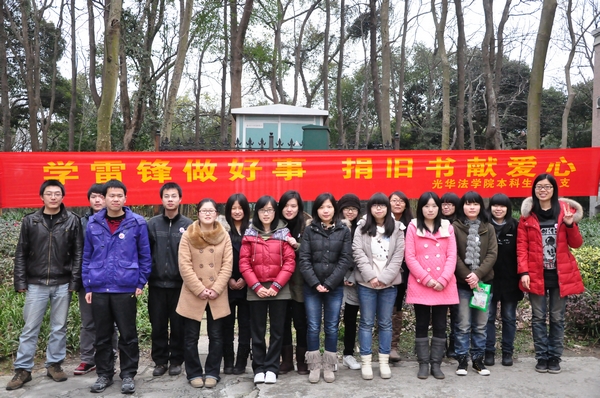 今年是雷锋同志逝世50周年,为进一步引导我院广大青年学生弘扬雷锋精神,在服务中践行“奉献、友爱、互助、进步”的志愿者精神,以实际行动迎接建团90周年,光华法学院本科生团总支积极响应校团委“人人都来学雷锋”的号召,开展了“变废为宝 筑爱心角”的志愿者活动。
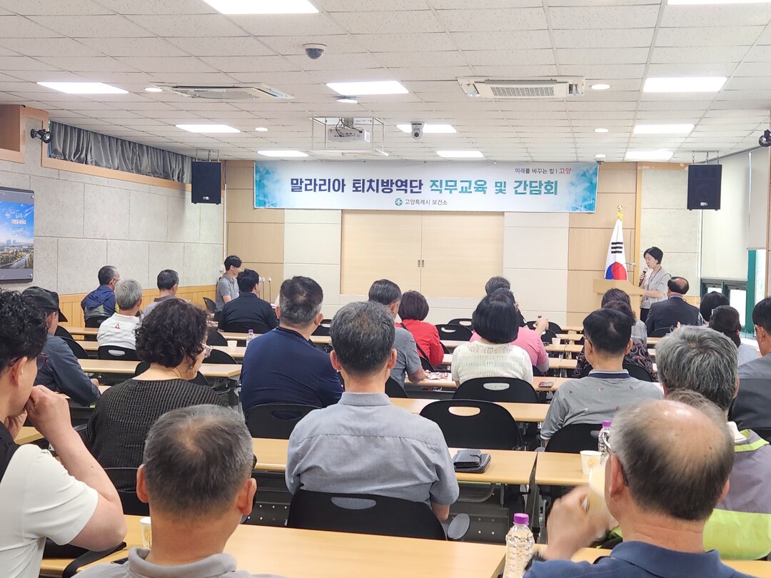 이번 간담회는 고양시 관계자 및 자율방역대원, 민간용역 등 56명이 참석했으며 최근 급증하는 말라리아 매개 모기의 효율적 퇴치를 위한 교육도 이루어졌다.
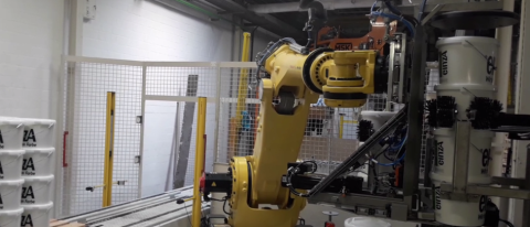 Filled paint buckets of different sizes are fed via roller conveyors to two special stacking devices where they are arranged on top of each other in exact positions on top of each other (handle alignment). The stacks are picked up by a robot and placed on a EUR-pallet adjusted by chain conveyors. A roller conveyor arranged in parallel allows the feeding of buckets, which are placed manually.

#### [Task details]
From the line holding "이번 간담회는 고양시" to the last line of the listing, please output each line exactly as it stands. Pictures stay out of the copy.

#### [Solution to the problem]
 이번 간담회는 고양시 관계자 및 자율방역대원, 민간용역 등 56명이 참석했으며 최근 급증하는 말라리아 매개 모기의 효율적 퇴치를 위한 교육도 이루어졌다.
 Filled paint buckets of different sizes are fed via roller conveyors to two special stacking devices where they are arranged on top of each other in exact positions on top of each other (handle alignment). The stacks are picked up by a robot and placed on a EUR-pallet adjusted by chain conveyors. A roller conveyor arranged in parallel allows the feeding of buckets, which are placed manually.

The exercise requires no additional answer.